Over the past year, central banks around the world have dove head-first into the research and development of their own Central Bank Digital Currencies or CBDCs. Not entirely a new technology, with the first rendition of a CBDC being invented back in the 1990s, CBDCs received a renewed wave of interest from national banks back in 2015 when the Bank of England coined the acronym. Much of the fervor around CBDCs since that time can be directly attributed to the onset of blockchain technology and the cryptocurrencies they facilitate.
Today, a much larger conversation is being held regarding the potential benefits and risks of CBDCs as a new form of payment for both individuals and institutions. In fact, the conversation inevitably deals heavily with the relationship between the purview of government bodies and the individual rights of citizens around the world. Additionally, given that CBDCs inevitably will differ in their minute details depending upon which country they are present in, it is essential to understand what defines a CBDC, what benefits they promise, and what risks they impose.
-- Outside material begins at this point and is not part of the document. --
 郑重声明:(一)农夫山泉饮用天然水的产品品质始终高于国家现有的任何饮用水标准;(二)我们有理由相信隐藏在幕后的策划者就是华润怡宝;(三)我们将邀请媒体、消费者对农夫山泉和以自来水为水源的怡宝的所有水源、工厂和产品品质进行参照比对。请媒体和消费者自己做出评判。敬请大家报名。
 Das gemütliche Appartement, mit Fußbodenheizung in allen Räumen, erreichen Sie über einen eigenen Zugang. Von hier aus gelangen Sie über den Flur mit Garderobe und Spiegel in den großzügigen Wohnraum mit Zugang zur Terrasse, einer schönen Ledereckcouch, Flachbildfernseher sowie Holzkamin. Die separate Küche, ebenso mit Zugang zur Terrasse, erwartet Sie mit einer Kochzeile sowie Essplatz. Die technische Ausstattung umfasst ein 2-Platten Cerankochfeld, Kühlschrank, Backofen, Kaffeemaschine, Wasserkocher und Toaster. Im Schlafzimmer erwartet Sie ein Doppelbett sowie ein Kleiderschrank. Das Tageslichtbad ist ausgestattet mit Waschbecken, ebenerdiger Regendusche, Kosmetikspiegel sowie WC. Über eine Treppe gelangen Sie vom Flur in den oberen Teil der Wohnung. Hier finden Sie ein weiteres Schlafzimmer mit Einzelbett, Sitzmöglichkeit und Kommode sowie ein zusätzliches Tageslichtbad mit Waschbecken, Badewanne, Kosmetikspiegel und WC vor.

CBDCs as they are known today do not share a standardized set of sociopolitical or financial requirements. This is due to the fact that the inherent politicization of this tool by pundits on all ends of every spectrum has generated a multi-faceted debate on what the correct implementation should look like. However, there are a few technical features that all existing CBDCs or future projects share.
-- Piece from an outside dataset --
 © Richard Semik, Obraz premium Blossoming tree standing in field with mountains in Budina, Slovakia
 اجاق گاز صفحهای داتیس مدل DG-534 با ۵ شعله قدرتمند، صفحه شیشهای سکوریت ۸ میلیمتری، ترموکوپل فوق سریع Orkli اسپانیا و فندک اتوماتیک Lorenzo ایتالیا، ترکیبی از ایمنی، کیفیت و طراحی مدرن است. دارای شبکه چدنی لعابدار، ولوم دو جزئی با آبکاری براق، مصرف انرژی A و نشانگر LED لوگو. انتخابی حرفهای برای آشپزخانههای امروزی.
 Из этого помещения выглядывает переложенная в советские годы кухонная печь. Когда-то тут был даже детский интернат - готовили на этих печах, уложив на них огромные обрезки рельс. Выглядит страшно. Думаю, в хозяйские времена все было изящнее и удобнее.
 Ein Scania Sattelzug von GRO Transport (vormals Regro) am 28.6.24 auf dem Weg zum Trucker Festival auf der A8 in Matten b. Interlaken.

- CBDCs are denominated in a country’s national currency.
- CBDCs are non-cash monetary instruments, based entirely upon electronic records.
- CBDCs are central bank liabilities, meaning end users have a claim on the central banks.
- CBDCs must be widely accepted as a payment instrument since their original intent is to supplant physical cash.
Multiple central banks have released their own variations of a definition for a CBDC, and they range in their level of explanatory detail.
- IMF (2020): “A digital representation of sovereign currency that is issued by a jurisdiction’s monetary authority and appears on the liability side of the monetary authority’s balance sheet.”
- United States (2020): “A digital liability of the Federal Reserve that is widely available to the general public.”
- Bank of England (2020): “An electronic form of central bank money that could be used by households and businesses to make payments and store value.”
- Banque de France (2020): “A digital asset that only the central bank may issue or destroy, that is traded at par against banknotes and reserves, that is available 24/7, that may be used in peer-to-peer transactions and that circulates on digital media that are at least partially different from existing media.”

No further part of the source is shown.